A little story on Malzoo

So it’s been a while since posting a blog post. Due to different events, there wasn’t much time for personal projects and it was actually nice to not be behind a keyboard in the free time available. That is also why the rewrite of Malzoo from Python2.7 to Python3.x took 11 months.

Updating existing projects or content to a newer version isn’t the favorite thing in IT. We like the new projects and automations that make finding bad stuff easier and more exciting. Yet we rely on the tools we already build to provide intelligence. I don’t know how much Malzoo is used in the world. What gives an estimate, are the amount of GitHub stars and clones. If one of these people are using it, Malzoo should at least provide an important update to Python3. Not much new features have been added to Malzoo in the last couple of months, but the intelligence generated from large malware sets is very valuable, which we’ll show later in this post.

Moving to Py3 was a learning experience and to capture it, every step and fix is on the public branch, so others can learn and see what changed in the move to Python3.

Malzoo flavors

Malzoo was initially written to run on bare metal for a graduation project. As the project matured, it became clear that newer technologies also needed to be adopted. This is when the Dockerized version became available and in 2020, the Malzoo Serverless option was released. This gives users three good options to do static file analysis.

Use cases

Malware repository

Malzoo is a good solution for a malware repository. This can be for a personal collection or for your organizations incident response program. Samples can be labeled with the incident number for future reference. Samples can be stored as well on disk if desired. This is set via the configuration file.

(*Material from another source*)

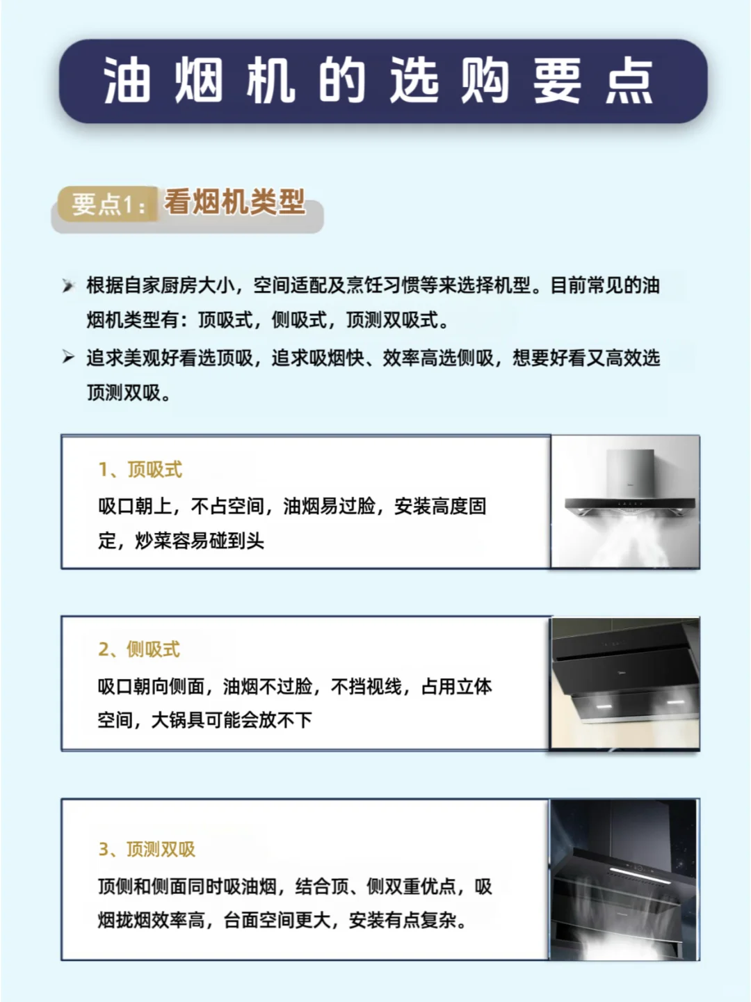 追求美观选顶吸式,追求效率选侧吸式,兼顾两者选顶侧双吸

Discovering similar samples

The initial intent for the project! Collect all the static analysis results to identify clusters of samples based on the data. This is also useful when a new sample comes in and you want to compare it to the sample set already collected.

Building YARA rules

And as an extension on the clustering, if you want to hunt for new samples based on similarities, the cluster values can be used to write a new YARA rule!

Example with Docker image

First pull the Docker image from Docker Hub

docker pull statixs/malzoo:latest

Then run the container, below an example command with persistent logs.

malzoo-run-container

Now you can submit samples to the Malzoo engine to analyze. In the example below, you see how to use a for loop to submit a folder. You could also opt for running a load balancer in front of multiple containers of course and distribute the samples to multiple engines.

malzoo-submit-samples

And after a few seconds, results are stored in the analysis logs, ready to be used for your log ingestion tool and cluster samples based on the values for incidents or research and of course create YARA rules to hunt for more evil by the same actors.

malzoo-analysis-logs

Conclusion

Rewriting to Python3 can be a challenge, but it’s a very satisfying accomplishment once done. Malzoo is now ready for the future and run on baremetal, as a Docker container or in a Serverless fashion. Whatever works best to accomplish your goal with the collected static analysis data. Malzoo is now ready for it in refreshing Python3 code :)